In science, a formula is a concise way of expressing information symbolically, as in a mathematical formula or a chemical formula. The informal use of the term formula in science refers to the general construct of a relationship between given quantities.

The plural of formula can be either formulas (from the most common English plural noun form) or, under the influence of scientific Latin, formulae (from the original Latin).

==In mathematics==
In mathematics, a formula generally refers to an equation or inequality relating one expression to another, with the most important ones being mathematical theorems. For example, determining the volume of a sphere requires a significant amount of integral calculus or its geometrical analogue, the method of exhaustion. However, having done this once in terms of some parameter (the radius for example), mathematicians have produced a formula to describe the volume of a sphere in terms of its radius:
$$V = \frac{4}{3} \pi r^3.$$

Having obtained this result, the volume of any sphere can be computed as long as its radius is known. Here, notice that the volume V and the radius r are expressed as single letters instead of words or phrases. This convention, while less important in a relatively simple formula, means that mathematicians can more quickly manipulate formulas which are larger and more complex. Mathematical formulas are often algebraic, analytical or in closed form.

In a general context, formulas often represent mathematical models of real world phenomena, and as such can be used to provide solutions (or approximate solutions) to real world problems, with some being more general than others. For example, the formula
$$F = ma$$
is an expression of Newton's second law, and is applicable to a wide range of physical situations. Other formulas, such as the use of the equation of a sine curve to model the movement of the tides in a bay, may be created to solve a particular problem. In all cases, however, formulas form the basis for calculations.

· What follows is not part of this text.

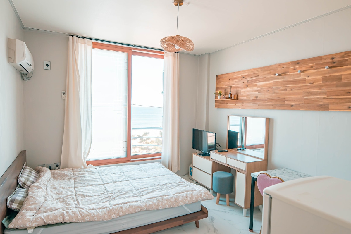 안녕하세요. 저희는 다양한 휴식 공간을 연구하고 제공하는 ONDA입니다. 이 곳에서 머무르실 모든 분들께서 편안하고 행복한 시간을 보내기를 바랍니다. [숙소 소개] 서핑을 즐기실 수 있는 금진해변 앞에 위치한 숙소입니다. [객실 유형] 원룸형(퀸1+주방+화장실1)
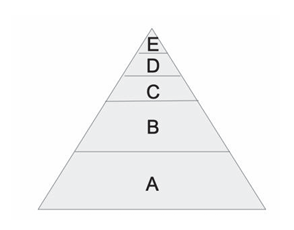 Q5. Looking at the image of a food pyramid layout, what letter best represents where you will find heterotrophs?

Expressions are distinct from formulas in the sense that they don't usually contain relations like equality (=) or inequality (<). Expressions denote a mathematical object, where as formulas denote a statement about mathematical objects. This is analogous to natural language, where a noun phrase refers to an object, and a whole sentence refers to a fact. For example, $8x-5$ is an expression, while $8x-5 \geq 3$ is a formula.

However, in some areas mathematics, and in particular in computer algebra, formulas are viewed as expressions that can be evaluated to true or false, depending on the values that are given to the variables occurring in the expressions. For example $8x-5 \geq 3$ takes the value false if x is given a value less than 1, and the value true otherwise. (See Boolean expression)

===In mathematical logic===
In mathematical logic, a formula (often referred to as a well-formed formula) is an entity constructed using the symbols and formation rules of a given logical language. For example, in first-order logic,
$$\forall x \forall y (P(f(x)) \rightarrow\neg (P(x) \rightarrow Q(f(y),x,z)))$$
is a formula, provided that $f$ is a unary function symbol, $P$ a unary predicate symbol, and $Q$ a ternary predicate symbol.

==Chemical formulas==

In modern chemistry, a chemical formula is a way of expressing information about the proportions of atoms that constitute a particular chemical compound, using a single line of chemical element symbols, numbers, and sometimes other symbols, such as parentheses, brackets, and plus (+) and minus (−) signs. For example, H_{2}O is the chemical formula for water, specifying that each molecule consists of two hydrogen (H) atoms and one oxygen (O) atom. Similarly, O denotes an ozone molecule consisting of three oxygen atoms and a net negative charge.

A chemical formula identifies each constituent element by its chemical symbol, and indicates the proportionate number of atoms of each element.

In empirical formulas, these proportions begin with a key element and then assign numbers of atoms of the other elements in the compound—as ratios to the key element. For molecular compounds, these ratio numbers can always be expressed as whole numbers. For example, the empirical formula of ethanol may be written C_{2}H_{6}O, because the molecules of ethanol all contain two carbon atoms, six hydrogen atoms, and one oxygen atom. Some types of ionic compounds, however, cannot be written as empirical formulas which contains only the whole numbers. An example is boron carbide, whose formula of CB_{n} is a variable non-whole number ratio, with n ranging from over 4 to more than 6.5.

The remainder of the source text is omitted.